*** Opening Study material ***

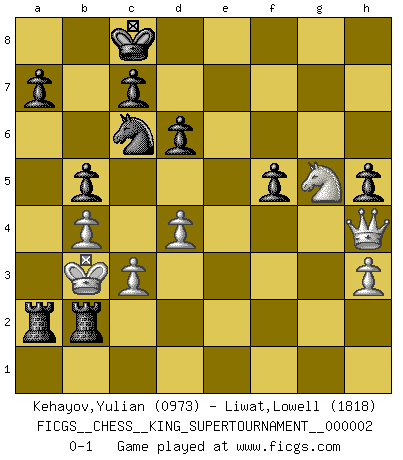 Last move : 0-1 2018 May 21 8:53:43 [Event "FICGS__CHESS__KING_SUPERTOURNAMENT__000002"] [Site "FICGS"] [Date "2018.05.01"] [Round "1"] [White "Kehayov,Yulian"] [Black "Liwat,Lowell"] [Result "0-1"] [WhiteElo "0973"] [BlackElo "1818"] 1.e4 e5 2.f4 exf4 3.d4 Qh4+ 4.g3 fxg3 5.Nf3 g2 6.Nxh4 gxh1Q 7.Nf3 d6 8.Qe2 Bg4 9.Nbd2 Nc6 10.c3 O-O-O 11.b3 Nf6 12.Bb2 Re8 13.O-O-O Bxf3 14.Nxf3 Rxe4 15.Qf2 Ng4 16.Qg3 f5 17.Bg2 Qxd1+ 18.Kxd1 Ne3+ 19.Kc1 Nxg2 20.Qxg2 g6 21.Kb1 Bh6 22.Bc1 Bxc1 23.Kxc1 Rhe8 24.Kb1 Rg4 25.Qf2 h5 26.h3 Rf4 27.Qg3 g5 28.Nxg5 Rf1+ 29.Kb2 Re2+ 30.Ka3 Ra1 31.b4 R1xa2+ 32.Kb3 b5 33.Qh4 Reb2+ 0-1 KGA : Villemson (Steinitz) gambit Promotion Queen by player Black (move 6) Queenside Castling by player Black (move 10) Queenside Castling by player White (move 13) Player Black won this chess game. Follow this game move after move (download)The game of Chess is not merely an idle amusement; several very valuable qualities of the mind are to be acquired and strengthened by it, so as to become habits ready on all occasions; for life is a kind of Chess. (Benjamin Franklin) Kasparov ist eine Art Monster mit hundert Augen, denen auch nicht das Geringste entgeht. (Tony Miles) Botvinnik trataba de restarle el misterio al Ajedrez, siempre relacionandolo a situaciones de la vida ordinaria. El gustaba de llamar al Ajedrez un típico problema inexacto similar a aquellos de los cuales la gente siempre tiene que enfrentarse en la vida cotidiana. (Garry Kasparov) Le système Elo représente seulement une moyenne. Il est simplement un indicateur de votre stabilité. (Anatoli Karpov) Creativity is allowing yourself to make mistakes. Art is knowing which ones to keep. (Scott Adams)
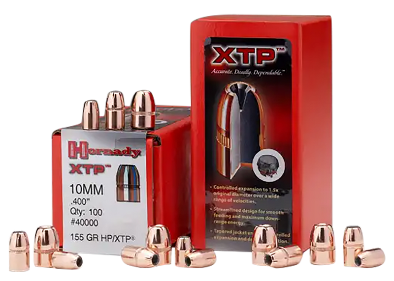 Hornady XTP bullets are jacketed hollow point projectiles designed for handgun reloading in 9mm caliber with a .355" diameter and 147 grain weight. These bullets feature a lead core with copper jacket construction and are engineered for reliable expansion across a wide range of handgun velocities. Each box contains 100 bullets, suitable for hunting, self-defense, target shooting, and law enforcement applications.
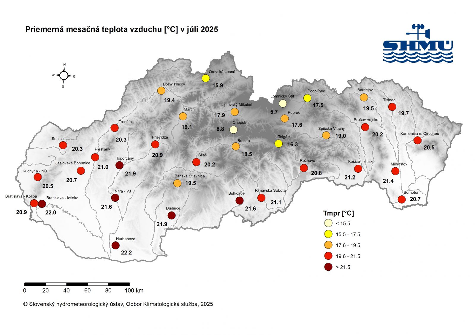 Charakter počasia na Slovensku v júli 2025 – teplota vzduchu
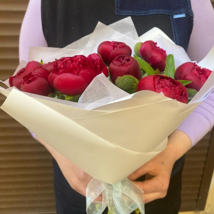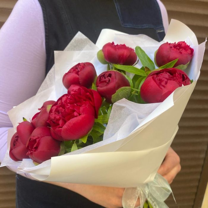 Пион – 9 шт.Лента атласная – 1 шт.Упаковка дизайнерская – 2 шт.Тишью белое – 2 шт.
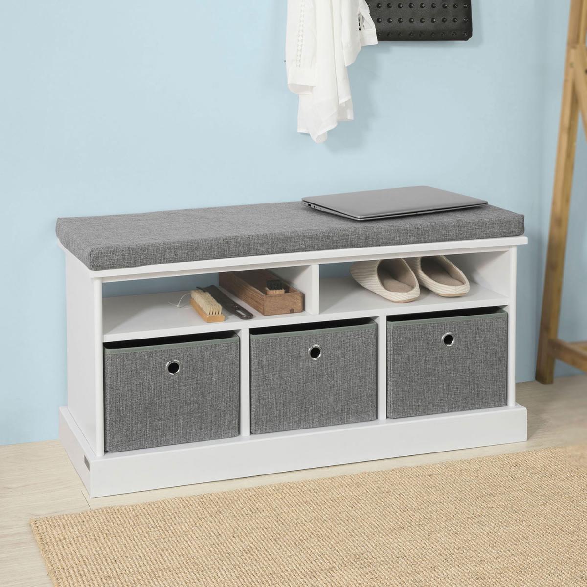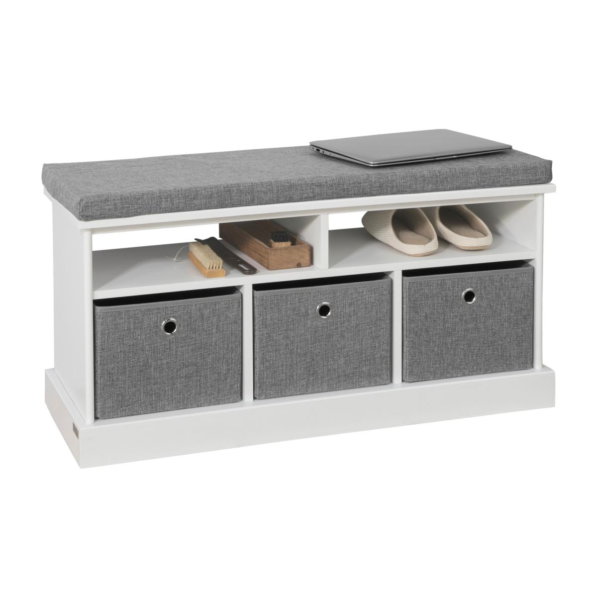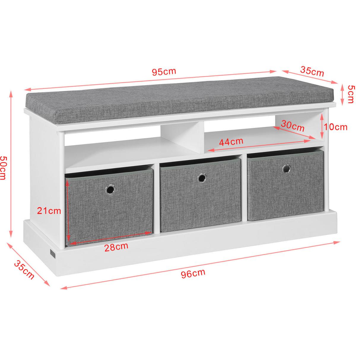 Modern design shoe cabinet storage bench is a good choice for hallway and bedroom, etc. The padded seat which is removable is ideal for comfortable sitting while putting on and taking off shoes. 3 baskets provide ample storage space for shoes, linens, toys, etc. In addition, they can be pulled out completely as a great storage solution. Modern design, the storage cabinet will blend perfectly with your modern or traditional decor. You can combine this storage bench with the Wall Coat Rack (FRG282-W) as a hallway set. Detailed instructions supplied.

*** Closing Study material ***

Take the line with "Пион – 9 шт.Лента" and each line after it through the end of the material above, and reproduce them exactly, both ends included, without pictures.

 Пион – 9 шт.Лента атласная – 1 шт.Упаковка дизайнерская – 2 шт.Тишью белое – 2 шт.
 Modern design shoe cabinet storage bench is a good choice for hallway and bedroom, etc. The padded seat which is removable is ideal for comfortable sitting while putting on and taking off shoes. 3 baskets provide ample storage space for shoes, linens, toys, etc. In addition, they can be pulled out completely as a great storage solution. Modern design, the storage cabinet will blend perfectly with your modern or traditional decor. You can combine this storage bench with the Wall Coat Rack (FRG282-W) as a hallway set. Detailed instructions supplied.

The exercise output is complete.